Records drawn from a dataset

'''

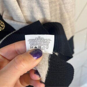 Tory Burch 100% Merino Wool Boyfriend Cardigan Black Beige in excellent pre worn condition. Please see all photos.
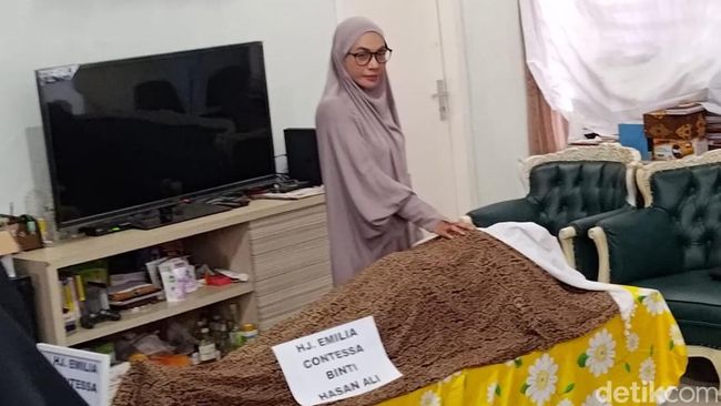Denada, artis yang juga putri dari Emilia Contessa tak kuat menahan tangis saat di depan jasad ibunya. Dia bersimpuh dan memanjatkan doa untuk sang ibunda.
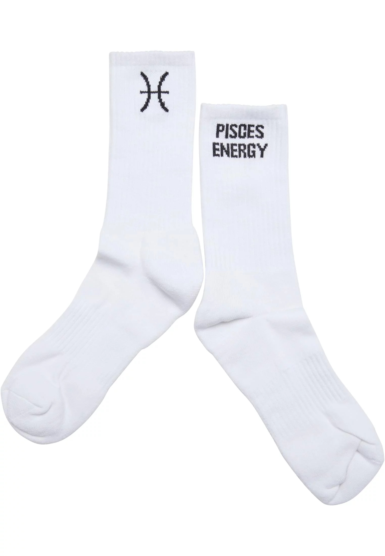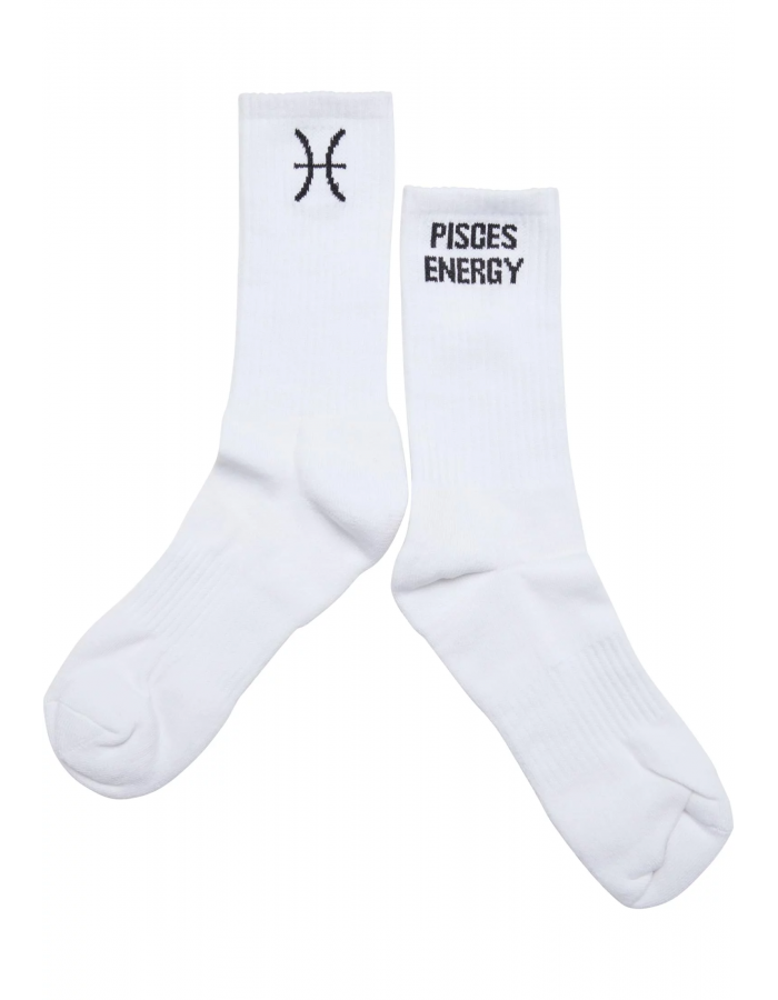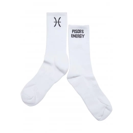 Ponožky s černým nápisem 'PISCES ENERGY' a symbolem znamení Ryb. Ponožky jsou vyrobeny z pohodlného a pružného materiálu, který zajišťuje komfort při nošení. Tento design je ideální pro ty, kteří se chtějí vyjádřit prostřednictvím svého znamení zvěrokruhu, a přidává stylový detail do každodenního outfitu. Materiál: 78% bavlna 19% polyester 2% elastan.
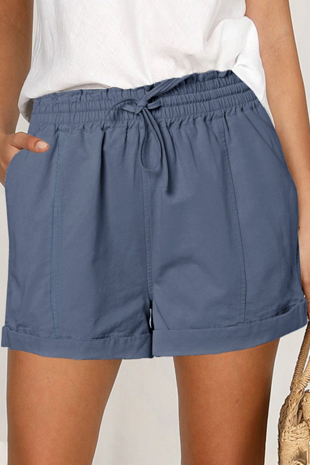 With the elastic waist and self-tie drawstring, the shorts can better hug your waist
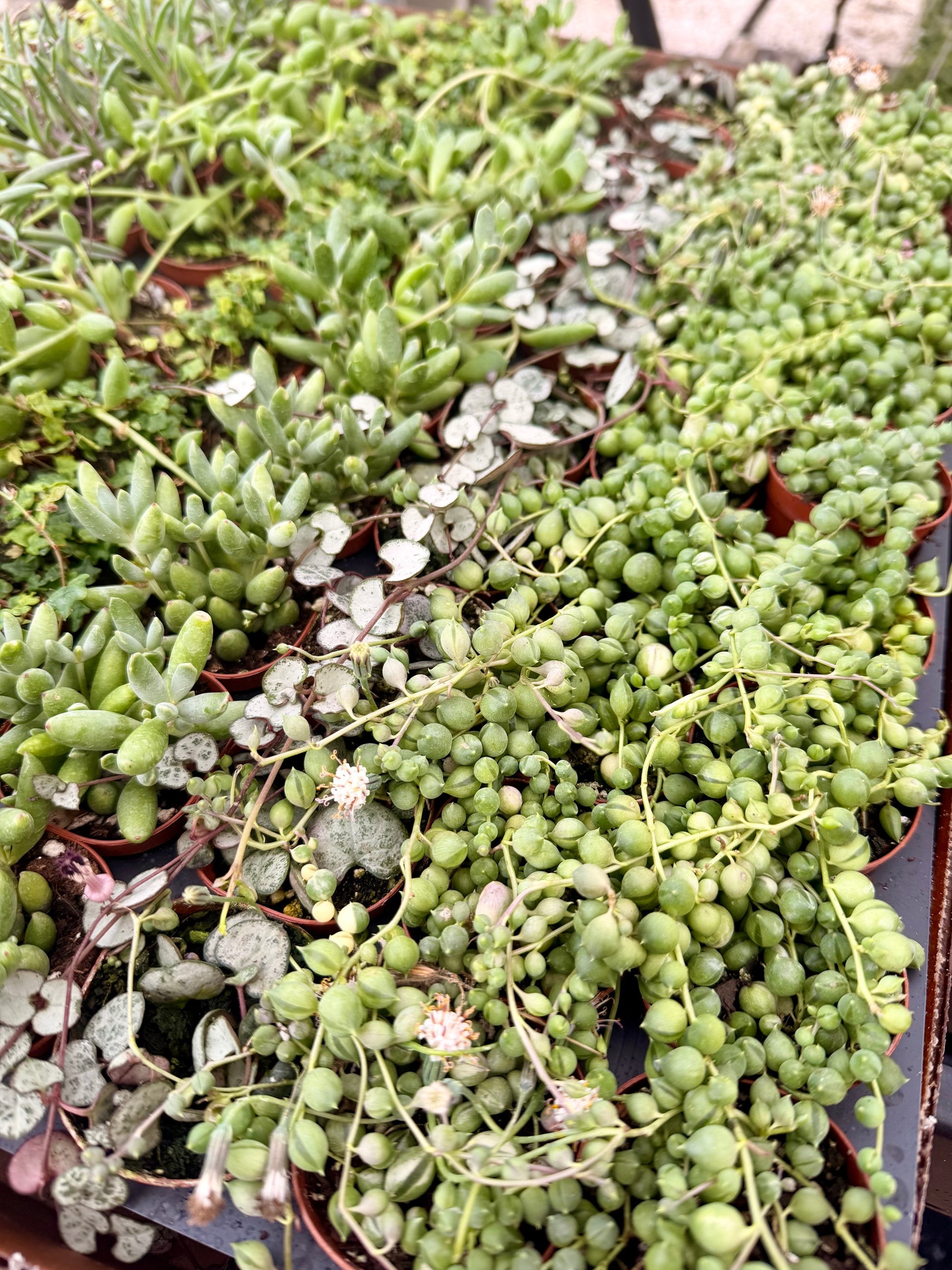You'll receive 3 of the following: String of Pearls, String of Pearls Variegated, String of Frogs, String of Hearts, String of Turtles, String of Rubies or String of Watermelon
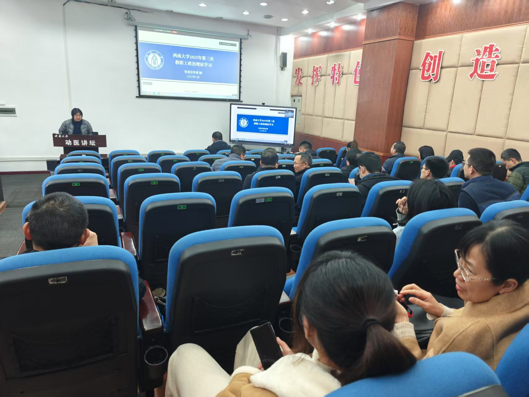 在荣昌、北碚同步召开2025年第三次教职工政治理论学习,集中学习了习近平总书记2025年全国两会期间重要讲话精神、2025年全国两会精神。

'''

__About this task__: Return every record exactly. Pictures stay out.

__Solution__:
 Tory Burch 100% Merino Wool Boyfriend Cardigan Black Beige in excellent pre worn condition. Please see all photos.
Denada, artis yang juga putri dari Emilia Contessa tak kuat menahan tangis saat di depan jasad ibunya. Dia bersimpuh dan memanjatkan doa untuk sang ibunda.
 Ponožky s černým nápisem 'PISCES ENERGY' a symbolem znamení Ryb. Ponožky jsou vyrobeny z pohodlného a pružného materiálu, který zajišťuje komfort při nošení. Tento design je ideální pro ty, kteří se chtějí vyjádřit prostřednictvím svého znamení zvěrokruhu, a přidává stylový detail do každodenního outfitu. Materiál: 78% bavlna 19% polyester 2% elastan.
 With the elastic waist and self-tie drawstring, the shorts can better hug your waist
You'll receive 3 of the following: String of Pearls, String of Pearls Variegated, String of Frogs, String of Hearts, String of Turtles, String of Rubies or String of Watermelon
 在荣昌、北碚同步召开2025年第三次教职工政治理论学习,集中学习了习近平总书记2025年全国两会期间重要讲话精神、2025年全国两会精神。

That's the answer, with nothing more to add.